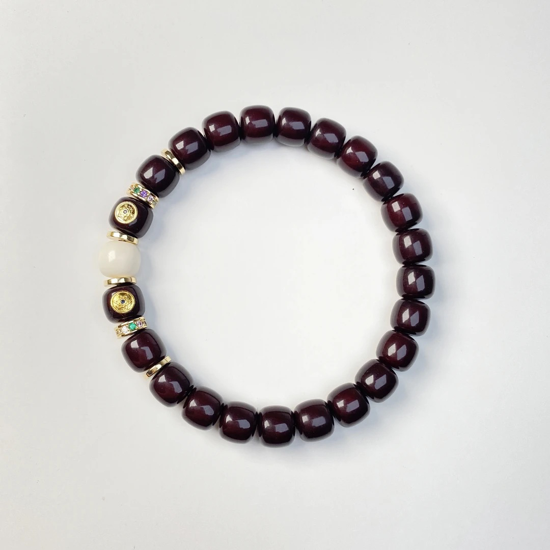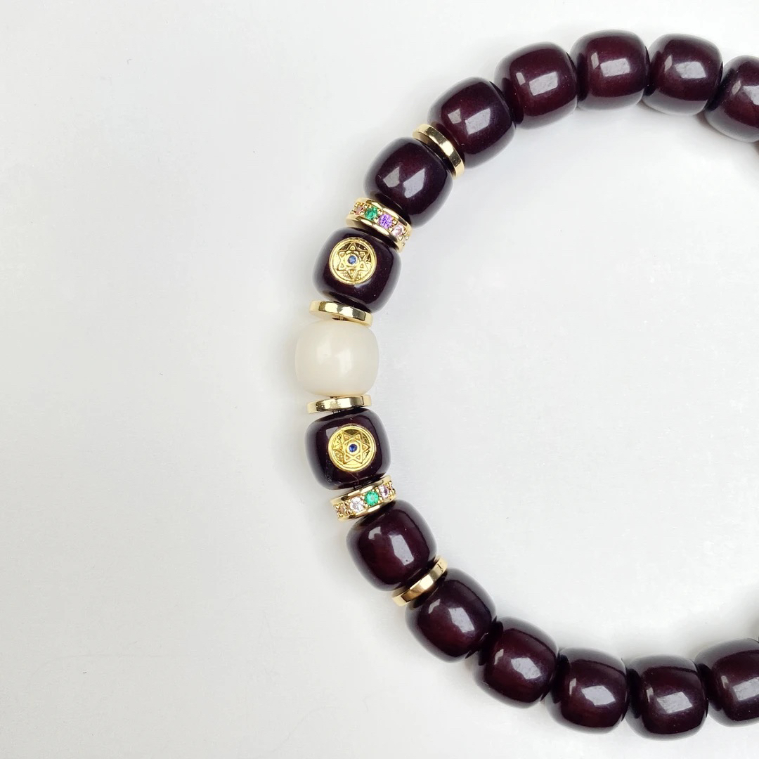 Crafted with burgundy bodhi beads and embellished with golden accents, each element of this bracelet carries profound cultural and spiritual meanings. The deep burgundy hue of the bodhi beads symbolizes wisdom, maturity, and the richness of one’s spiritual journey, while the golden elements represent prosperity, protection, and the illumination of enlightenment. The pendants embody wishes for abundance, inner peace, and the courage to navigate life’s path with clarity. Bodhi beads, revered in traditional spiritual traditions, are closely associated with enlightenment, mindfulness, and the awakening of consciousness.
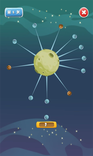 1.點(diǎn)擊屏幕,讓屏幕下方的小球成功連接到一直旋轉(zhuǎn)的星球上。2.所有的小球全部與星球成功連接,游戲通關(guān)。
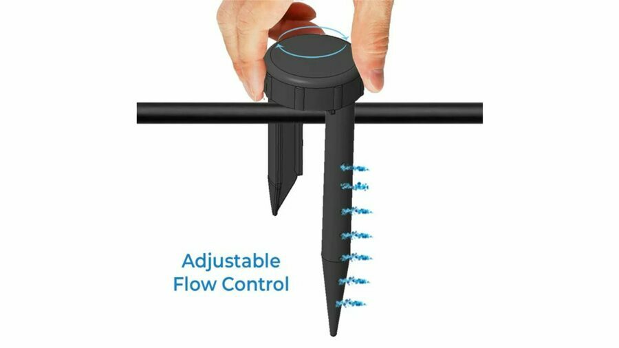Description: Perfect For Flowers, Vegetable, and Potted Plants - Root Quencher Spike is the latest in subsurface watering for drip irrigation. Designed for Homeowners and Landscape professionals, Root Quencher Spike installs directly onto a ½-inch drip line with its self-piercing capability, providing extra water to plants that need it along any drip system. The cap serves as a flow control and with our 90-degree adapter (included) you can connect a ¼-inch line and locate the Spike wherever a little extra water is needed. Root Quencher Spike connects directly onto ½ inch drip line to bring water to specific plants, flowers, and hillsides. Spike saves time and money with its self-piercing capability and the dual function of holding the drip line in place.
###
Only one thing is wanted here, an exact copy of the lines from the first line above through the line containing "1.點(diǎn)擊屏幕,讓", minus any picture.

 Crafted with burgundy bodhi beads and embellished with golden accents, each element of this bracelet carries profound cultural and spiritual meanings. The deep burgundy hue of the bodhi beads symbolizes wisdom, maturity, and the richness of one’s spiritual journey, while the golden elements represent prosperity, protection, and the illumination of enlightenment. The pendants embody wishes for abundance, inner peace, and the courage to navigate life’s path with clarity. Bodhi beads, revered in traditional spiritual traditions, are closely associated with enlightenment, mindfulness, and the awakening of consciousness.
 1.點(diǎn)擊屏幕,讓屏幕下方的小球成功連接到一直旋轉(zhuǎn)的星球上。2.所有的小球全部與星球成功連接,游戲通關(guān)。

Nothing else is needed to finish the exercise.